On October 20, 2025, the Treasury and the IRS released proposed regulations (REG‑109742‑25 (the “Proposed Regulations”)) that would remove the “foreign‑controlled domestic corporation” look‑through rule previously included in final regulations issued on April 24, 2024 (the “Prior Regulations”).1 Under the Prior Regulations, the corporate look‑through rule applied in determining whether a “qualified investment entity,” including a REIT, qualifies as a “domestically controlled” REIT (“DC REIT”) under the Foreign Investment in Real Property Tax Act of 1980 (“FIRPTA”). Foreign persons generally are exempt from U.S. federal income tax that would otherwise be imposed under FIRPTA on gain from the sale of stock of a DC REIT, making DC REITs advantageous vehicles for holding U.S. real property interests.

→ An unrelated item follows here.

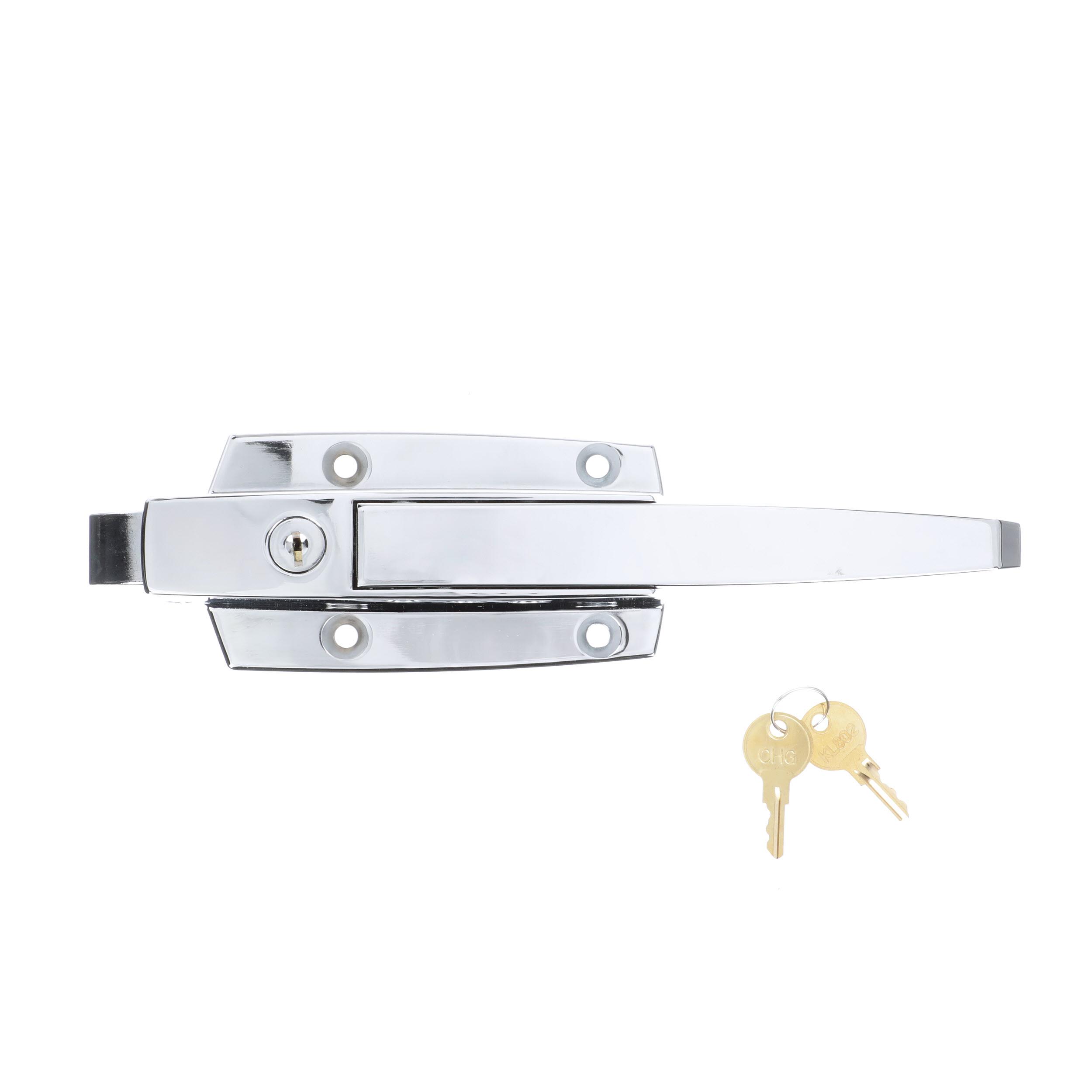 Polished Chrome Walk-In Cooler Door Safety Latch Body With Cylinder Lock Only - Less Strike

Under the Prior Regulations, a “foreign‑controlled domestic corporation” generally is a non‑public domestic “C” corporation in which foreign persons hold, directly or indirectly, more than 50% of the outstanding stock (by value) at any time during a five-year “lookback” period preceding the disposition that is tested for DC REIT status. The Prior Regulations treated a foreign‑controlled domestic corporation as a “look‑through person” and as a result, its foreign shareholders are treated as foreign persons for purposes of determining whether a REIT is domestically controlled, making it more difficult to qualify as a DC REIT. The Prior Regulations (including proposed regulations issued in December 2022) were the subject of significant criticism, including that they were inconsistent with longstanding Treasury regulations, a non-binding IRS private ruling,2 legislative action and general U.S. federal income tax principles.
The Proposed Regulations treat all domestic C corporations as “non‑look‑through persons” for purposes of determining whether a REIT is a DC REIT, thereby counting a domestic corporate shareholder of a REIT as a U.S. person – regardless of their foreign ownership percentage.
The Proposed Regulations include an example in which a REIT whose stock is held 51% by a non‑public domestic C corporation and 49% by nonresident alien individuals is a DC REIT because the domestic C corporation is a non‑look‑through person.
Taxpayers may rely on the Proposed Regulations for transactions occurring before the date the Proposed Regulations are finalized. If finalized, the Proposed Regulations would also effectively eliminate the application of the look‑through rule for any period after April 24, 2024.
- The Prior Regulations were covered in a previous Ropes & Gray Alert.
- See PLR 200923001, which was later revoked by PLR 202449011.